The retrospective study design is the main limitation of the present study; however, the analysis was limited to hard objective variables that are well-recorded in clinical practice. In addition, this study used data from a single central electronic medical record of mandatory use for all the physicians in hospitals and health centers in the north-west region of Spain. This electronic medical record includes information on any medical assistance, as well as any laboratory tests, imaging, and any other examination performed. The use of this central electronic medical record markedly reduces the possibility of missed data. The limited number of patients included is also a limitation in this study, and is mainly due to the single-center study design and the need for pathological confirmation of pancreatic adenocarcinoma for inclusion. The single-center design limits the variability in patients’ care and therapy, and the requirement of pathological confirmation for inclusion avoids biases related to the inclusion of other malignant lesions. These two features could be therefore considered strengths of the study.
Prospective clinical trials are needed to confirm the impact of PERT in patients with unresectable pancreatic cancer, not only on survival, but also on their quality of life and tolerance to chemotherapy. A recent Phase II trial found that the mean percentage change in body weight of patients with unresectable pancreatic cancer did not differ significantly between those randomized to receive PERT or placebo for 8 weeks [
41]; however, this study had several limitations. The limitations included: a small sample size; short follow-up period; low enzyme dose (50,000 Ph.Eur. with main meal and 25,000 Ph.Eur. with snacks); tablets were used and not minimicrospheres; and finally, FE-1 levels were above the normal threshold of 200 μg/g stool in 44.1% of patients in the PERT group and 21.2% of those in the placebo group [
41]. Larger, well-designed, randomized trials are needed to identify patients who may benefit from PERT.

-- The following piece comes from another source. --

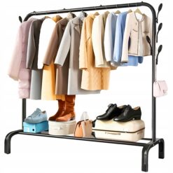 Dzięki długości 110 cm oraz wysokości aż 146 cm zyskujesz sporo miejsca na płaszcze, kurtki, sukienki czy garnitury. Wieszak udźwignie aż do 75 kg, więc bez problemu poradzi sobie z większym obciążeniem.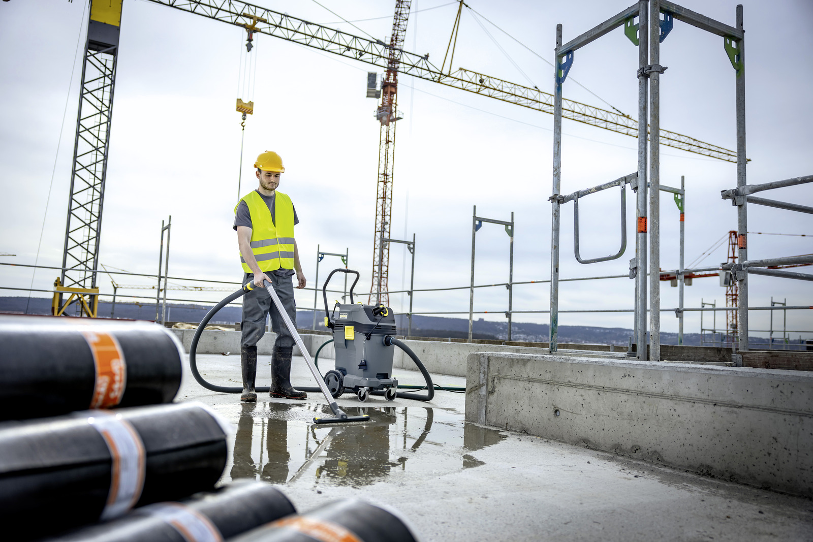Uusi NT 50/1 K märkä-kuivaimuri on tarkoitettu kohteisiin, jossa on tarve siirtää suuria nestemääriä imurin avulla tehokkaasti ja ergonomisesti. Säiliön sisällä olevan tyhjennyspumpun kapasiteetti on 300 l/min ja se kykenee siirtämään partikkeleita aina 20 mm kokoon saakka. Tämä yhdessä 50 litran säiliön kanssa mahdollistaa pitkäkestoisen ja keskeytymättömän työskentelyn esimerkiksi vahinkosaneerauskohteissa. Kestävä ja erittäin helppokäyttöinen NT 50/1 K sopii erinomaisesti myös teollisuuden, maatalouden ja rakentamisen siivouskohteisiin. Imuturbiini ja poistopumppu on mitoitettu suurille volyymeille ja vaativiin olosuhteisiin. Imukahvassa oleva säädin mahdollistaa imuroitavan nesteen määrän optimoimisen poistopumpun tehoa vastaavaksi. Poistoletkulle on valmiina kynsiliitin laitteen rungossa. Erillisen tyhjennysletkun avulla säiliö voidaan tyhjentää helposti myös lattiakaivoon. Säiliössä on helposti puhdistettava esierotin, joka suojaa pumppua kiviltä ja muilta roskilta. Vakiovarustukseen kuuluu karkean lian suodatin. Laitteella voidaan imuroida myös kuivaa likaa varustamalla se lisävarusteena myytävällä laakasuodattimella.

It is important to note that PERT is generally accepted for the treatment of PEI of any etiology, and until new data are available, it should be considered as part of the therapeutic armamentarium in patients with pancreatic cancer. This is important not only in clinical practice, but also in clinical trials for new chemotherapy agents. The possibility of PEI and its treatment with PERT in patients with pancreatic cancer has been consistently ignored in previous clinical trials of chemotherapy agents. The present study suggests that PERT increases tolerance to chemotherapy, and opens the question of whether the efficacy of standard chemotherapeutic agents could be improved by the inclusion of the evaluation and treatment of PEI with PERT as part of the best standard of care in these patients.